**Input data**.
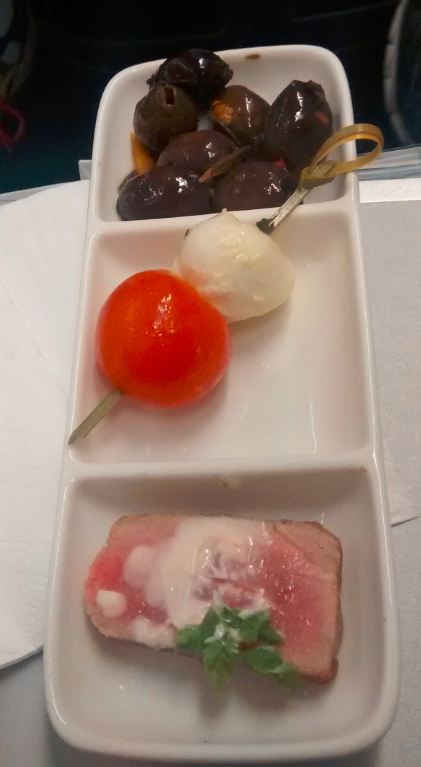 Everyone boards, and the flight attendant comes by with champagne (we don’t drink, so we took an orange juice). But then there’s a slight malfunction with the door to the plane. It is shutting, but the sensors say it isn’t. No matter, we start watching Tomorrowland on the in-flight entertainment.
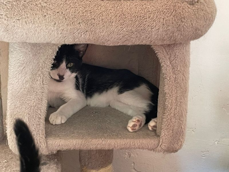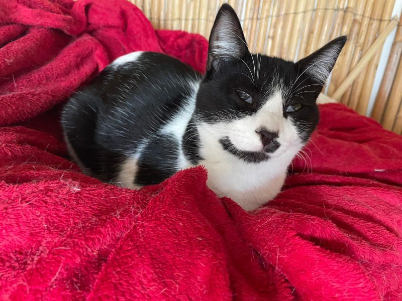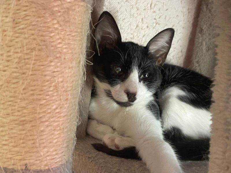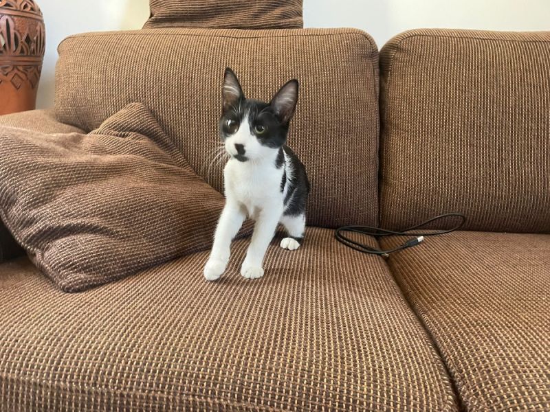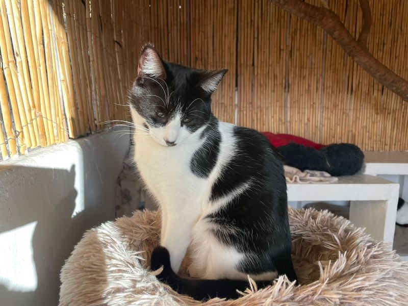 Das hübsche schwarz-weisse Katzenkind Alica wurde verlassen von Urlaubern gefunden und in die Auffangstation gebracht.
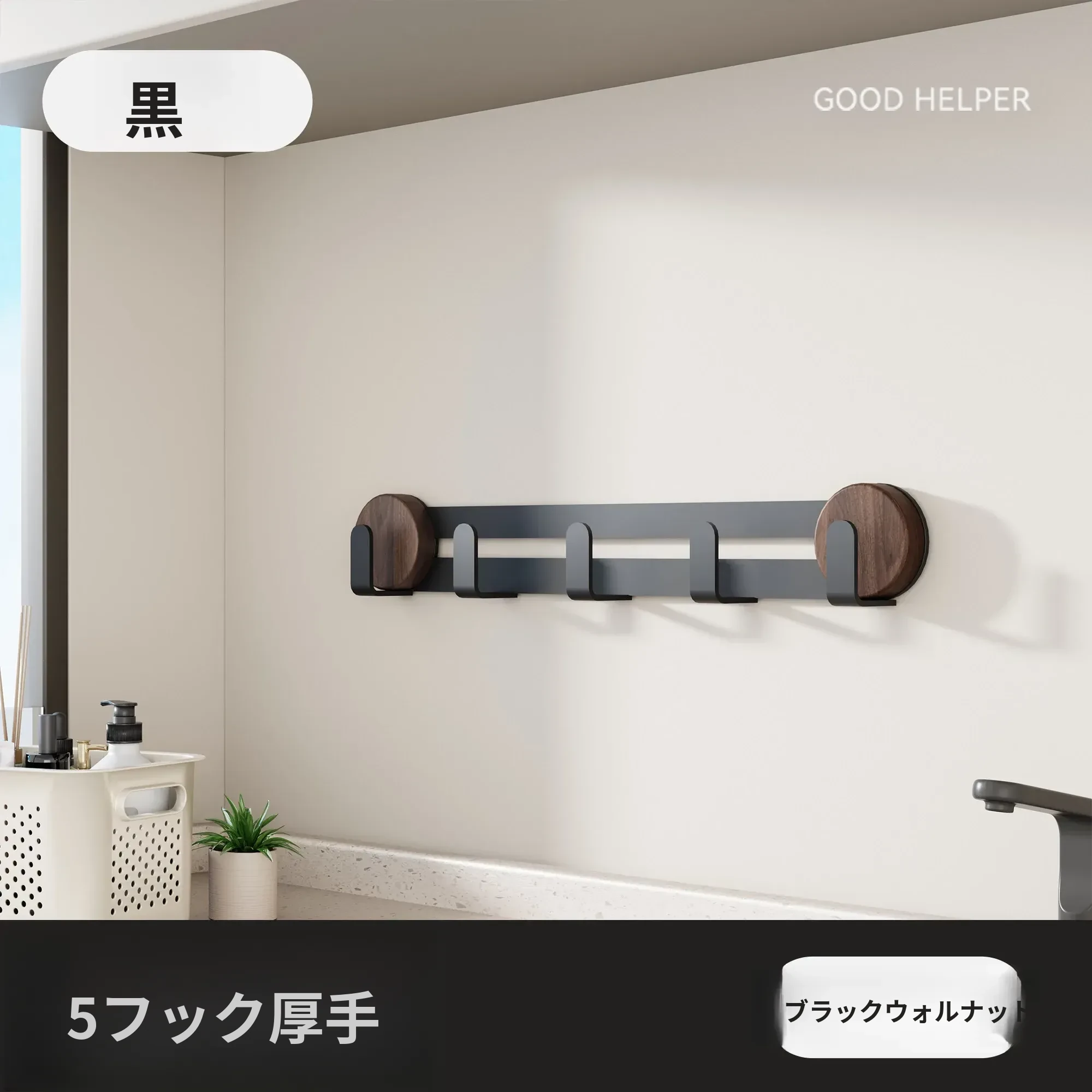 ブラック - ウォールナット【吸盤フック5フック】

**What you are asked to do**. An exact copy is needed of the lines running from the one containing "Das hübsche schwarz-weisse" through the last line of the material, and of no others; pictures stay out.

**Response area**.
 Das hübsche schwarz-weisse Katzenkind Alica wurde verlassen von Urlaubern gefunden und in die Auffangstation gebracht.
 ブラック - ウォールナット【吸盤フック5フック】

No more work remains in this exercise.